Кафтан парадный. Жилет‑ камзол от парадного мужского костюма.
Главными деталями женской одежды, перенятой с Запада, в XVIII веке были корсаж, пышные юбки, распашное платье. В XVIII веке одежда мужчин и женщин нередко совпадала по цветовой гамме и шилась из одной и той же ткани, а названия оттенков цвета отличались экстравагантностью: «цвет новоприбывших особ», «цвет потупленных глаз». Корсаж и «шнурование» были главным средством изменить фигуру с помощью обшитого кружевом или позументом корсета, затягивавшегося сзади с помощью шнуровки и… колена, которым служанка упиралась в спину госпожи, чтобы как можно туже затянуть корсет. Фигура дамы по моде того времени должна быть горделивой, стройной и тонкой. Некоторые дамы от удушья падали в обморок. Юбки в начале XVIII века были круглые, колоколообразные, а с 1730‑ х годов они приобрели причудливые очертания за счет прикрепляемого шлейфа.
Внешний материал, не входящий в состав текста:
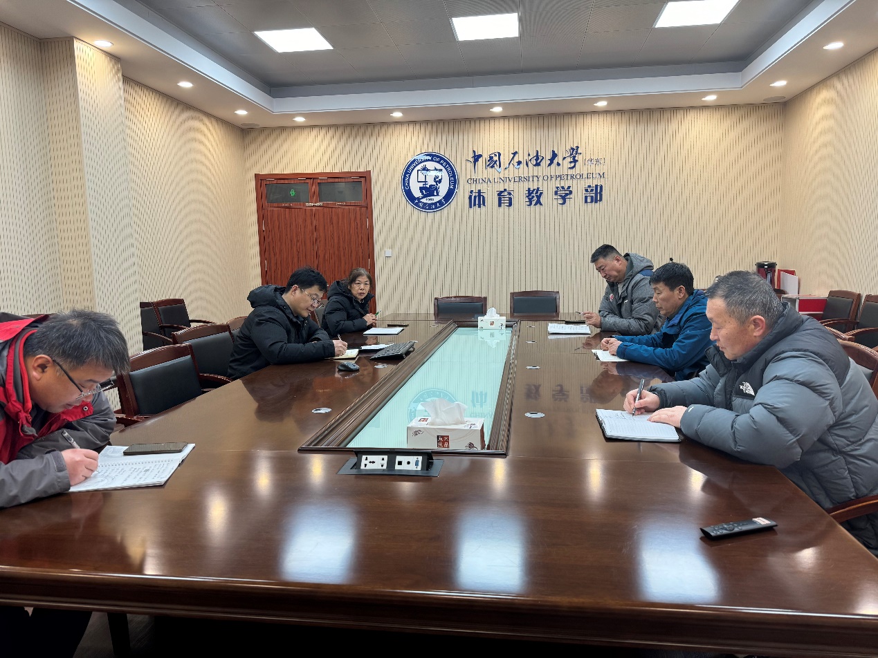 2025年2月24日,体育场馆管理中心在体育馆会议室召开新学期工作会议。会议由场馆中心主任卢志同主持,全体员工参加。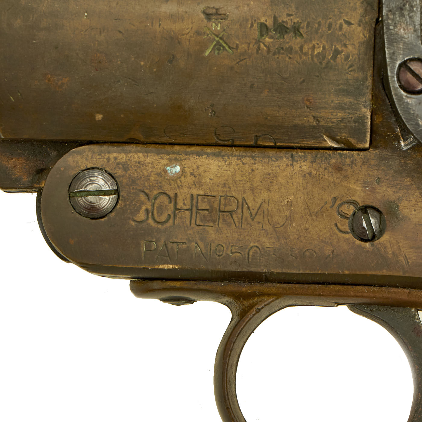 This Schermuly Line Throwing Rocket Pistol has a brass frame and chamber, while the rocket tube, or barrel, is steel. It has mahogany grips and a ribbed Bakelite secondary handle, and there are British proof marks on the chamber and frame. It is also marked with serial number 18648 on the barrel and frame, and has patent information on the left side of the frame. Overall, the pistol is in very good condition, and still has the original Schermuly orange label under the grip.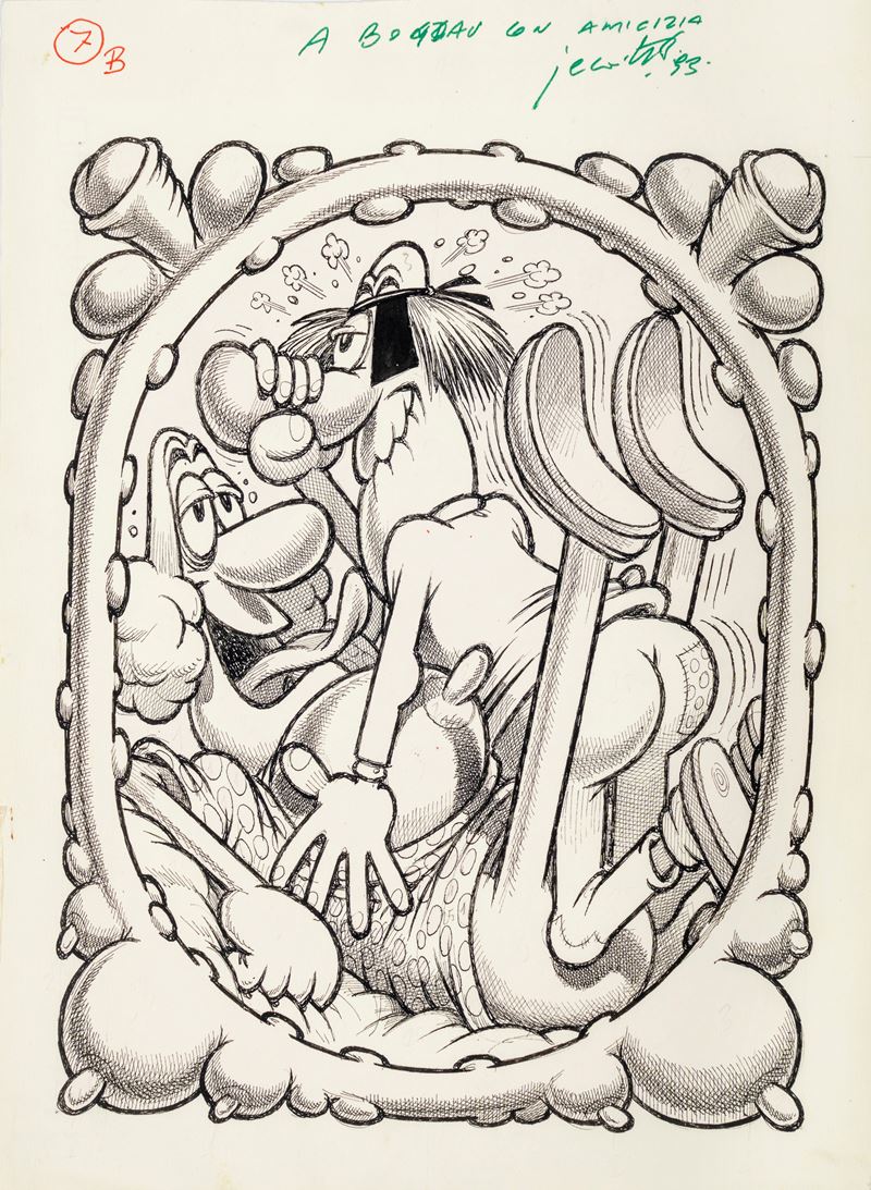 Illustrazione originale inedita realizzata da Jacovitti per il suo capolavoro erotico "Kamasultra" edito per la prima volta dalla casa editrice Maga Publicitas nel 1977. Acquerellata al retro. Firmata e dedicata con data postuma.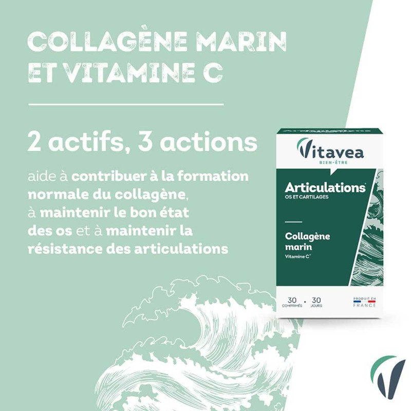 Vitavea articulation Collagène marin associe du collagène à de la vitamine C.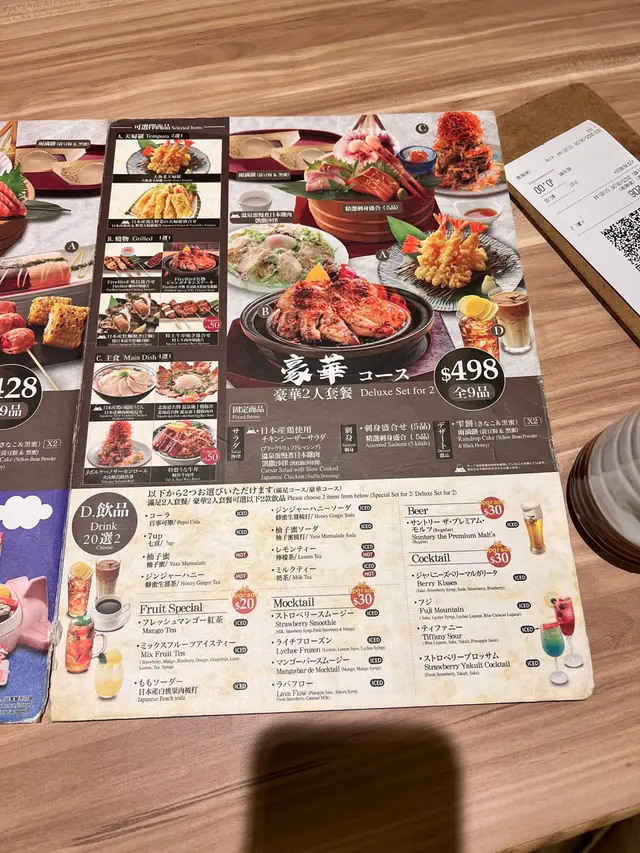 ♂∥ 在東薈城地下那一層,TASTE超市旁,黑色的門面,內裡別有日式風味,以淺色為主,設獨立的二至四人座位,私隱度高,坐得舒適。゚・𖥸────── -ˋˏ 𝓜𝓮𝓷𝓾 ˎˊ- ──────𖥸 。゚・𓌉◯𓇋 滿足2人套餐 $428不論小食、燒物、主食和飲料都有多款選擇。𖦹 凱撒沙律簡單的生菜、火腿和麵包粒,不錯。𖦹 刺身盛合(3品)好新鮮肥美,搭配紫蘇葉吃一流!𖦹 明太子芝士椰菜燒餅賣相一流,設計成兩種口味,明太子醬和日式照燒風味醬,外皮如腐皮般口感,內餡是加了蛋的炒椰菜,整體表現較濃味。𖦹 FireBird名物 重量級火焰原隻雞腿這個燒得好香脆,又帶少許焦香,而且雞腿部位肉質不柴,熟度剛好。𖦹 松葉蟹肉稻庭烏冬 +$40賣相精緻,幻烏冬好滑溜,蟹肉很清香,其實湯才是精粹所在,一定要配在一起吃。𖦹 雨滴餅(黃豆粉&黑蜜)(2個)晶凝通透的外形,入口如同啫喱,甜甜香香。𖦹 厚燒玉子 $38玉子控必點,點少許明太子醬更惹味。𖦹 抹茶蕨餅配黑蜜 $38軟軟糯糯的口感一流。𖦹 抹茶芭菲 $68個人最喜歡這杯賣相精緻的芭菲,有白玉、草莓、小圓子、粟子、紅豆蓉和抹茶啫喱,雪糕牛奶味濃,配底層脆片有口感,推薦必點。𐃯 Mix Fruit Tea水果料好足,份量又大,朋友見到都想點多杯了。𐃯 日本產白桃果肉梳打朋友點,底層有柚子醬,會甜一些。…查看更多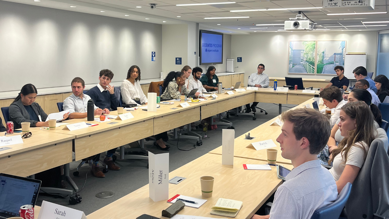 Aspen Institute Socrates Program invited college interns and recent graduates in D.C. for a seminar on disagreement, cancel culture, and holding space for complexity on campuses.
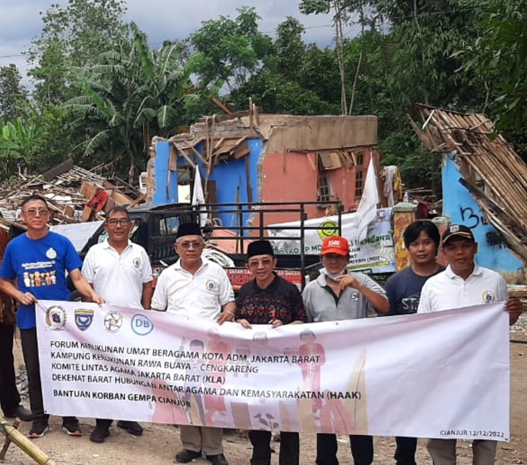 Forum Kerukunan Umat Beragama (FKUB) Jakarta Barat bersama kampung Kerukunan Rawabuaya, dan PMI mendistribusikan bantuan sosial untuk para korban gempa yang sampai saat ini masih banyak di posko-posko pengungsian.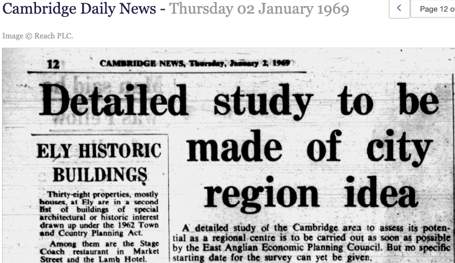 Above – Confirmation of a new regional economic study for Cambridge – Cambridge Evening News 02 Jan 1969 in the British Newspaper Archive.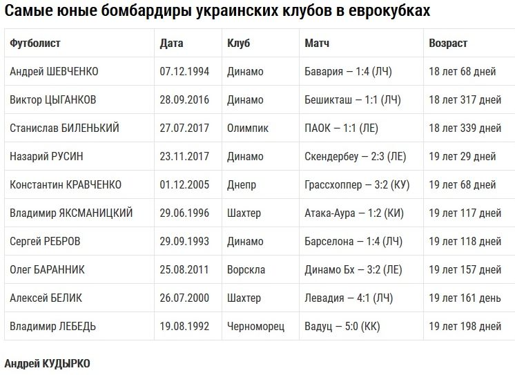 В последнее время в списке самых юных бомбардиров украинских клубов в еврокубках происходит постоянное обновление. В сентябре 2016 года Виктор Цыганков занял вторую строчку в рейтинге — следом за Андреем Шевченко. В июле 2017-го Станислав Биленький поднялся на третье место, а 23 ноября в матче Динамо со Скендербеу в Албании Назарий Русин стал бомбардиром №4.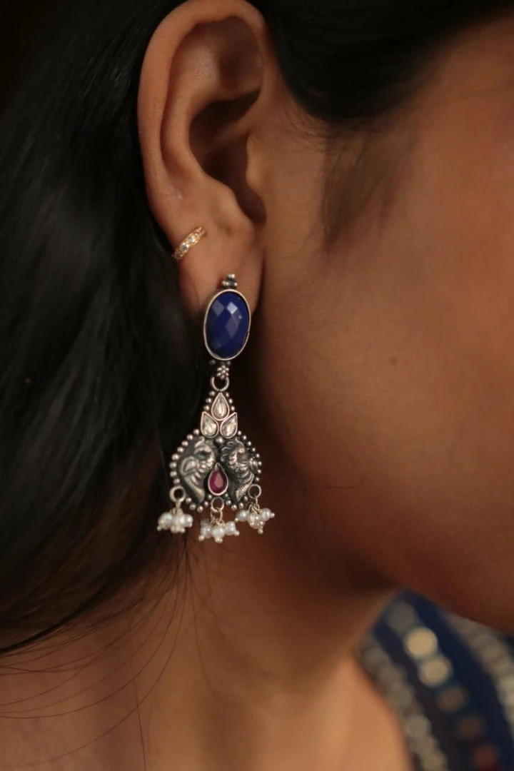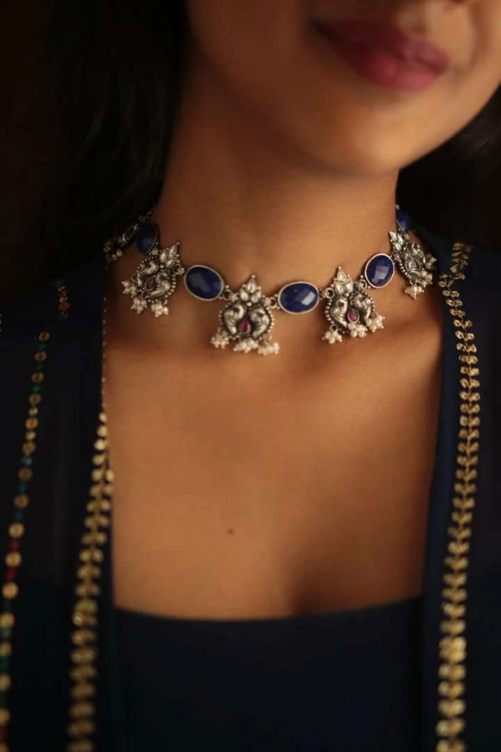 925 siver neckpiece that can go well with your traditional as well as indo- western outfits. Elegant Lapis stones. The dots found on these Lapis stones are random patterns which make it one of a kind and beautiful. Every lapis stone is so unique, same pattern can’t be found in another stone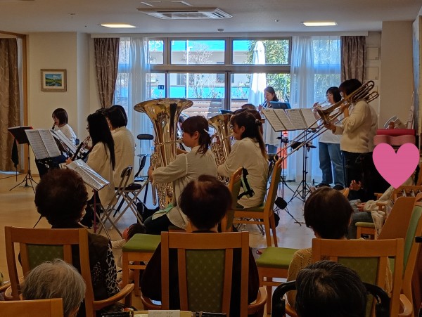 2月15日スィング・リリー様による演奏会のご様子をご紹介します。迫力のある素敵な音色に皆様引き込まれていました。どうぞご覧ください。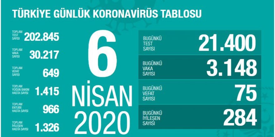 6 Nisan 2020 Koronavirüs Rakamları: 75 Vefat, 3.148 Yeni Vaka!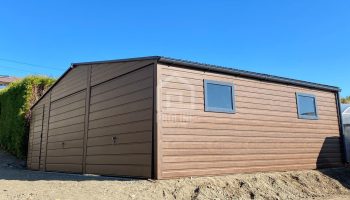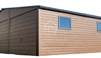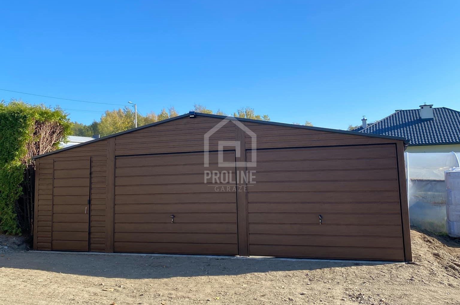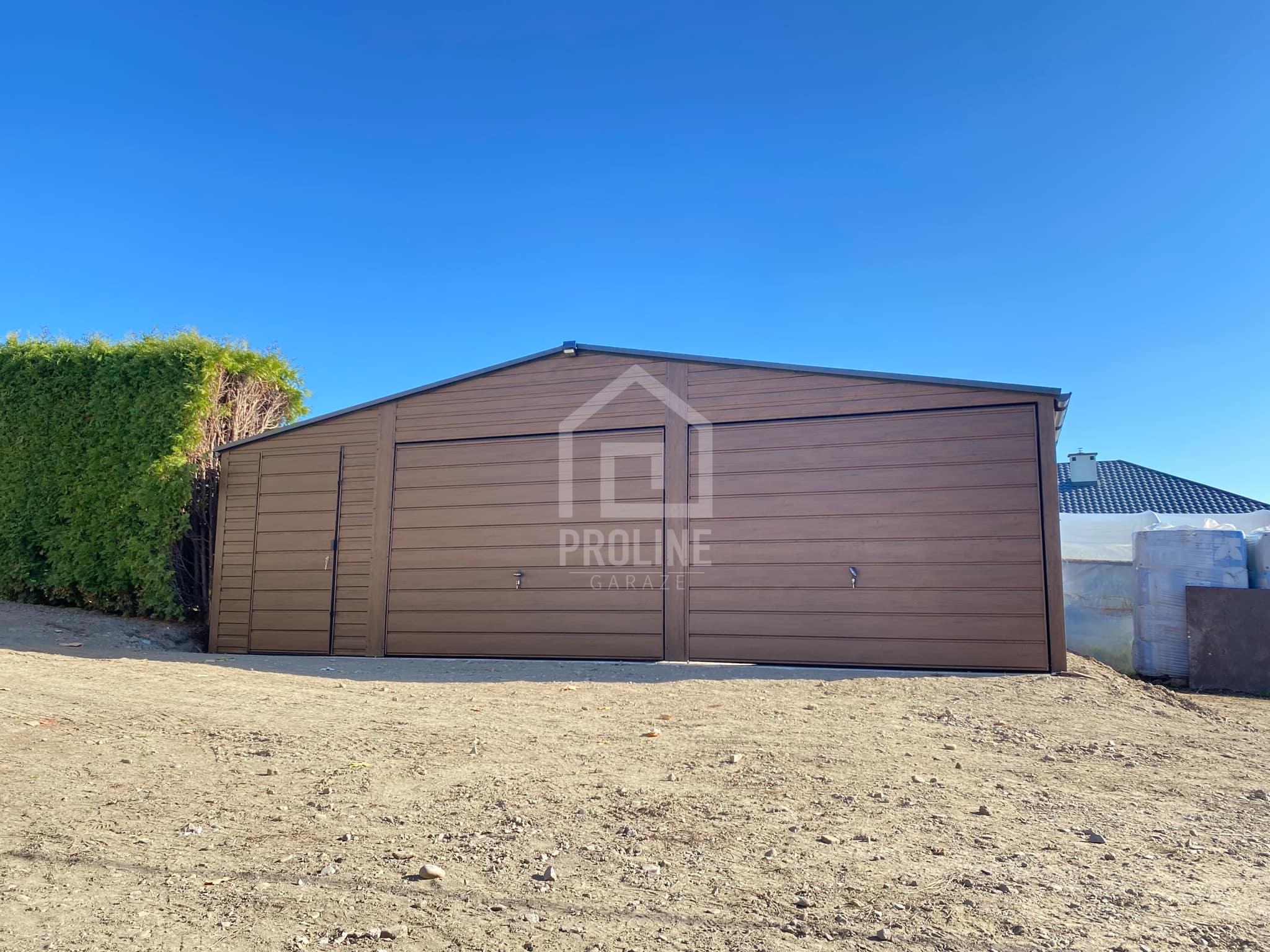 Garaż blaszany 8x6m – 2x Brama – drzwi – 2x okno – ciemny orzech – drewnopodobny – Dach dwuspadowy PLG183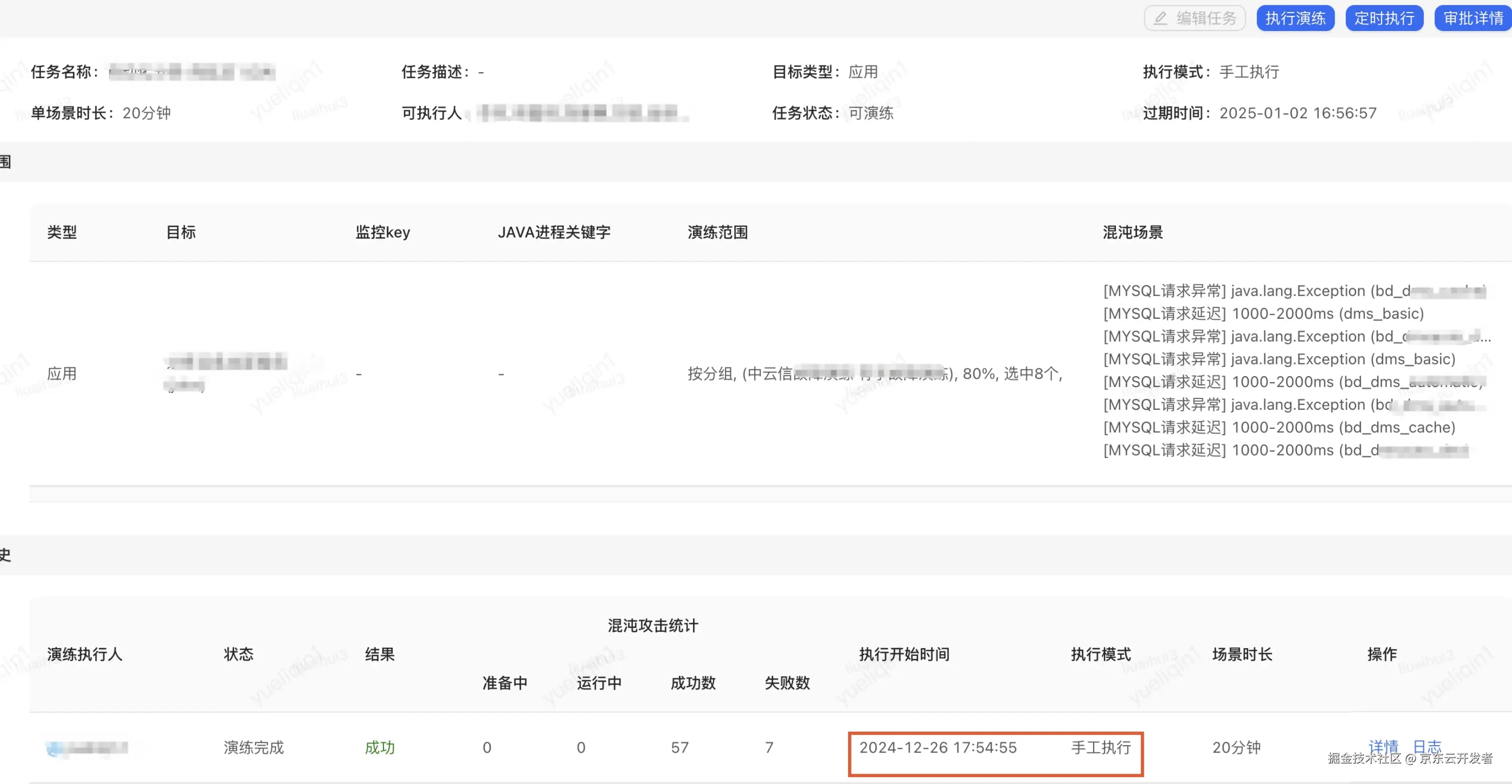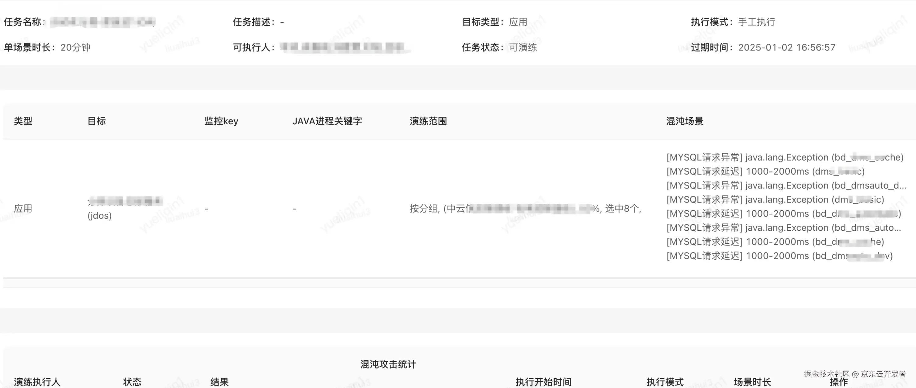 •场景描述:依据场景构建的基本原则,我们在构建数据库请求延迟的情况前提下,向系统注入带有异常业务数据的流量,以检查应急预案对应的处理能力。

Сзади под платье прикреплялся валик из ваты – турнюр, менявший профиль дамы, которая напоминала курдючную овцу. На юбки и платье уходило огромное количество материи (от 5 до 40 метров). Юбки надевались на каркас (панье), который делался или из тростника, или из китового уса. Но в XVIII веке появились и фижмы, которые от паньи отличались тем, что основу их составляла проволока или конский волос. Женщина могла сжать юбку и пройти в дверь, что с жестким каркасом из китового уса сделать никак не могла. Следом появились еще более удобные мягкие каркасы округлой формы – кринолины. Все платье было в десятках оборочек, лентах и бантах, на что шло огромное количество материи. В торжественных случаях к платью прикреплялся большой съемный шлейф. Все платья были до пола – открывать посторонним взорам щиколотку ноги считалось недопустимым, аморальным. Французскую моду в 1770‑ е годы сменяет английская: строгие белые платья, скромная отделка, отсутствие кружев, лент, оборок. Сверху надевалась так называемая роба (от фр. la robe – платье) – верхнее распашное платье, выполнявшее роль прежнего летника. У знатных дам робы были украшены драгоценными камнями, цепочками, кружевами, лентами, золотым шитьем. И каждая стремилась превзойти свою соперницу в количестве и красоте драгоценностей. Чулки носили шелковые, бумажные, шерстяные. Остроносые туфли шили из кожи, для домашнего пользования туфли делали из парчи, атласа и бархата.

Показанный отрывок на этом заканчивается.